#### [Task instructions]
Could you reproduce all the entries under this sentence exactly, leaving the images aside?

**** Given entries

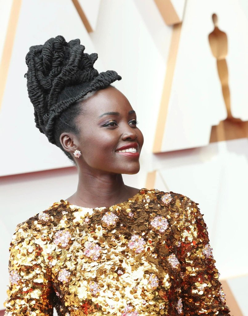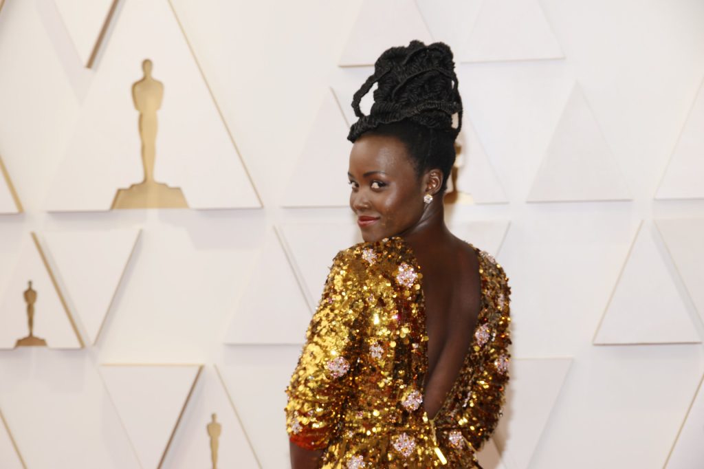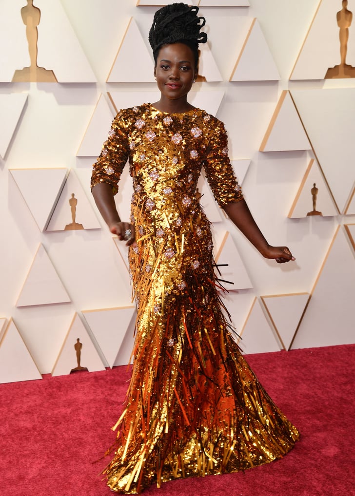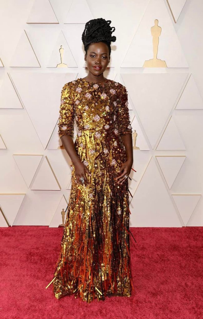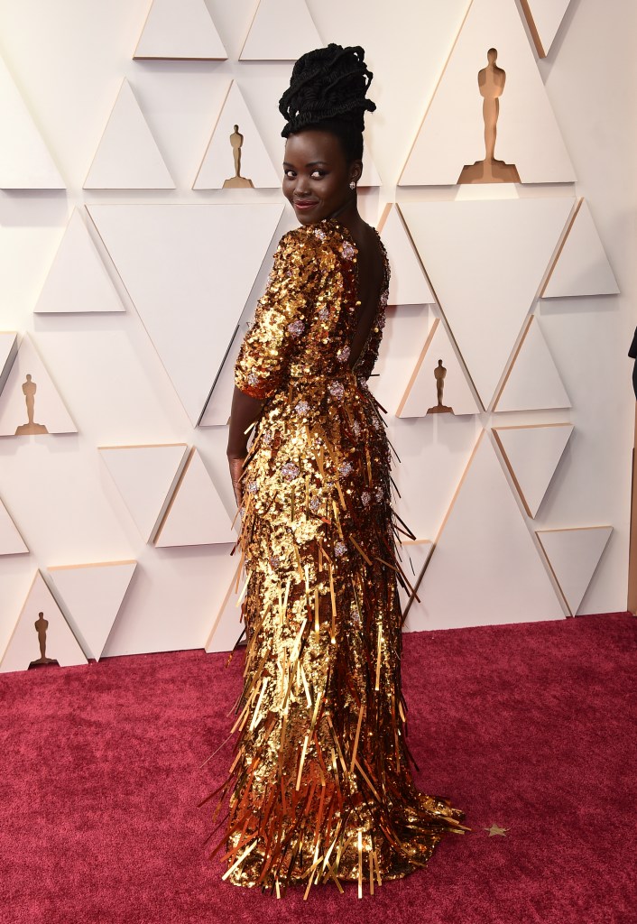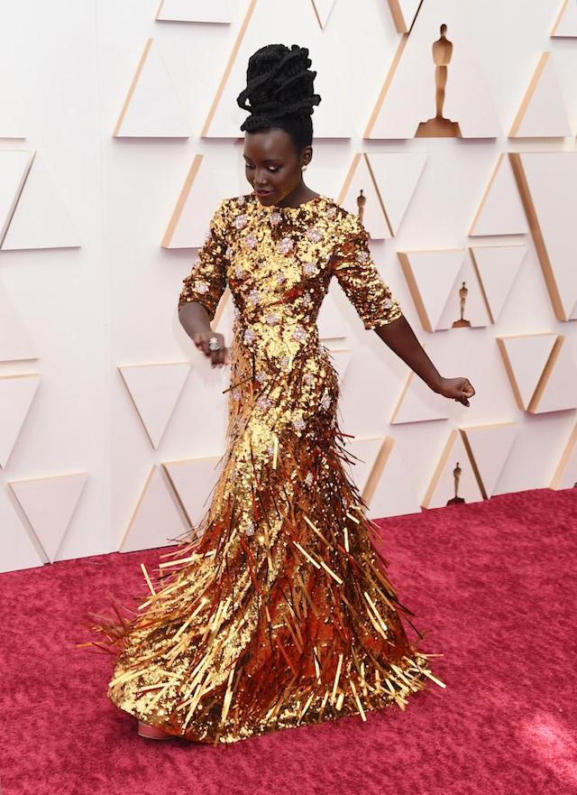 Lupita Nyong’o 今天是以 Prada 特別訂製的金色亮片與流蘇禮服出席奧斯卡獎,有點成熟,好像是位有氣勢不好惹的丈母娘…
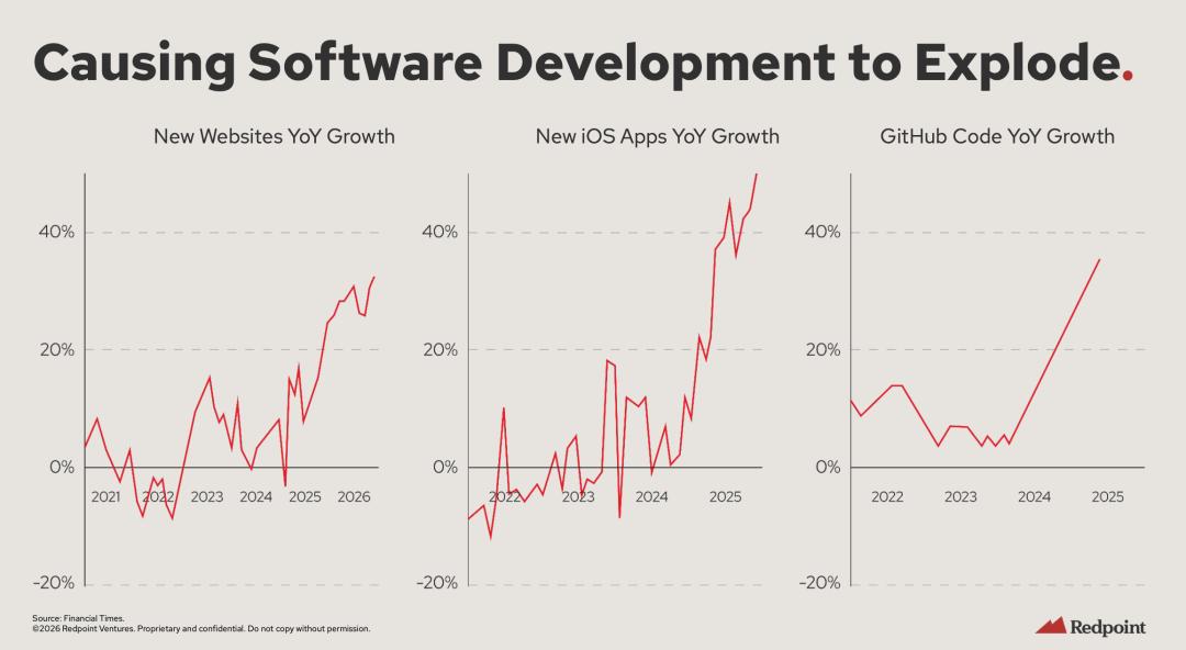 数据也在印证这一点。从下图可以看出,2024 年之后软件开发量迎来了爆发式增长。我们完全有理由相信,随着 AI 能力越来越强、掌握 AI Coding 的人越来越多,这个势头还将持续,直至迎来一个新的供需平衡。
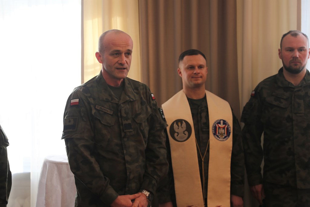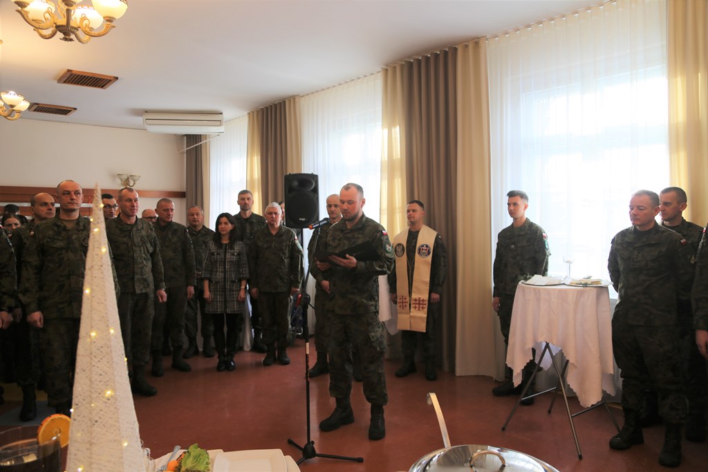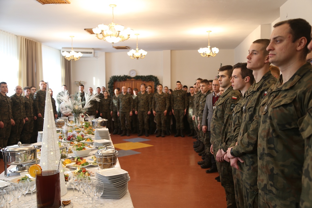 Kapelan Akademii ks. mjr Maksymilian Jezierski udzielił zebranym duszpasterskiego błogosławieństwa, a następnie poświęcił dania, które znajdowały się na świątecznym stole. Życzył radosnych, rodzinnych i pełnych refleksji Świąt. Życzenia złożył również prawosławny kapelan AWL ks. ppor. Igor Habura i odczytał modlitwę w intencji kadry dowódczej, wykładowców, podchorążych oraz ich rodzin.
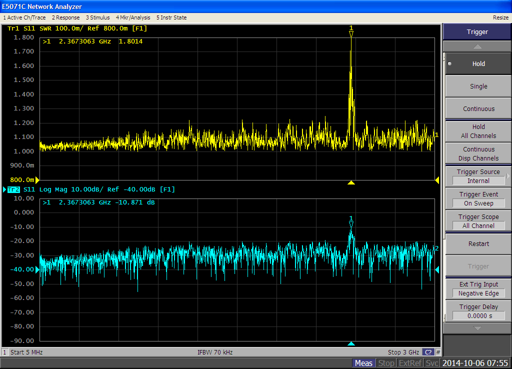 看了看,3G内的峰一般在1.25内,估计生产设备一般,唯独高点在2990MHz,查一下编织节距,不难解决。
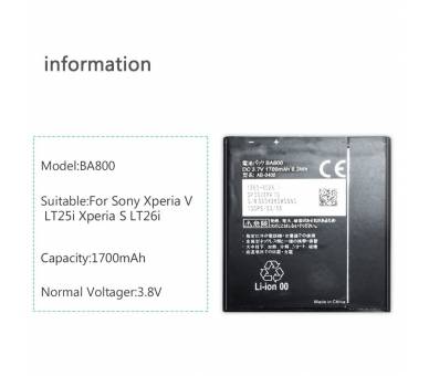 • Bateria Original Ba800 Para Sony Xperia S Lt26I Arc Hd V Lt25I Arc S 1700
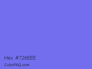 Hex #726eee Color is a light indigo color and the nearest color is Medium Slate Blue #7b68ee. Hex code #726eee and RGB value is rgb(114,110,238). In RGB color space, this color is composed of 45% red, 43% green, 93% blue, In CMYK color space, this color is composed of 52% cyan, 54% magenta, 0% yellow , 7% black , In HSL color space, this color has a hue angle of 242° , 79% saturation and 68% lightness.
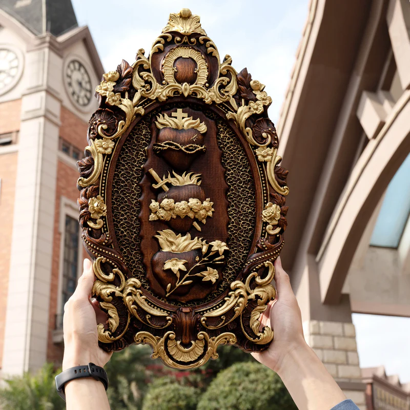 This exquisite wood-carved artwork is a great gift for a loved one (or yourself) who is especially devoted to the Holy Family, especially their so-called three Sacred Hearts – the Sacred Heart of Jesus, the Heart of the Immaculate Conception and Chastity in the heart of Joseph.
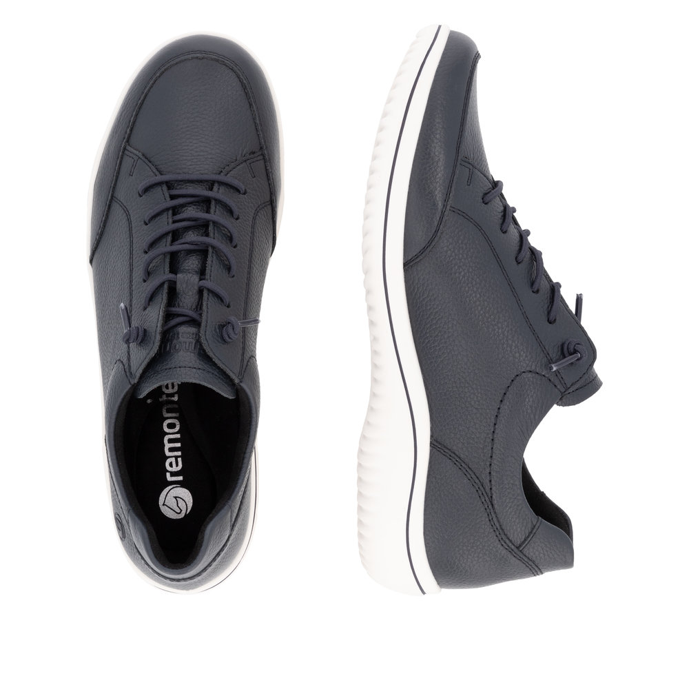 Modisch und komfortabel: Die blauen Sneaker D1E07-14 von REMONTE aus feinstem Glattleder kombinieren trendigen Stil mit praktischer Funktionalität.

********

#### [Result of the exercise]
 Lupita Nyong’o 今天是以 Prada 特別訂製的金色亮片與流蘇禮服出席奧斯卡獎,有點成熟,好像是位有氣勢不好惹的丈母娘…
 数据也在印证这一点。从下图可以看出,2024 年之后软件开发量迎来了爆发式增长。我们完全有理由相信,随着 AI 能力越来越强、掌握 AI Coding 的人越来越多,这个势头还将持续,直至迎来一个新的供需平衡。
 Kapelan Akademii ks. mjr Maksymilian Jezierski udzielił zebranym duszpasterskiego błogosławieństwa, a następnie poświęcił dania, które znajdowały się na świątecznym stole. Życzył radosnych, rodzinnych i pełnych refleksji Świąt. Życzenia złożył również prawosławny kapelan AWL ks. ppor. Igor Habura i odczytał modlitwę w intencji kadry dowódczej, wykładowców, podchorążych oraz ich rodzin.
 看了看,3G内的峰一般在1.25内,估计生产设备一般,唯独高点在2990MHz,查一下编织节距,不难解决。
 • Bateria Original Ba800 Para Sony Xperia S Lt26I Arc Hd V Lt25I Arc S 1700
 Hex #726eee Color is a light indigo color and the nearest color is Medium Slate Blue #7b68ee. Hex code #726eee and RGB value is rgb(114,110,238). In RGB color space, this color is composed of 45% red, 43% green, 93% blue, In CMYK color space, this color is composed of 52% cyan, 54% magenta, 0% yellow , 7% black , In HSL color space, this color has a hue angle of 242° , 79% saturation and 68% lightness.
 This exquisite wood-carved artwork is a great gift for a loved one (or yourself) who is especially devoted to the Holy Family, especially their so-called three Sacred Hearts – the Sacred Heart of Jesus, the Heart of the Immaculate Conception and Chastity in the heart of Joseph.
 Modisch und komfortabel: Die blauen Sneaker D1E07-14 von REMONTE aus feinstem Glattleder kombinieren trendigen Stil mit praktischer Funktionalität.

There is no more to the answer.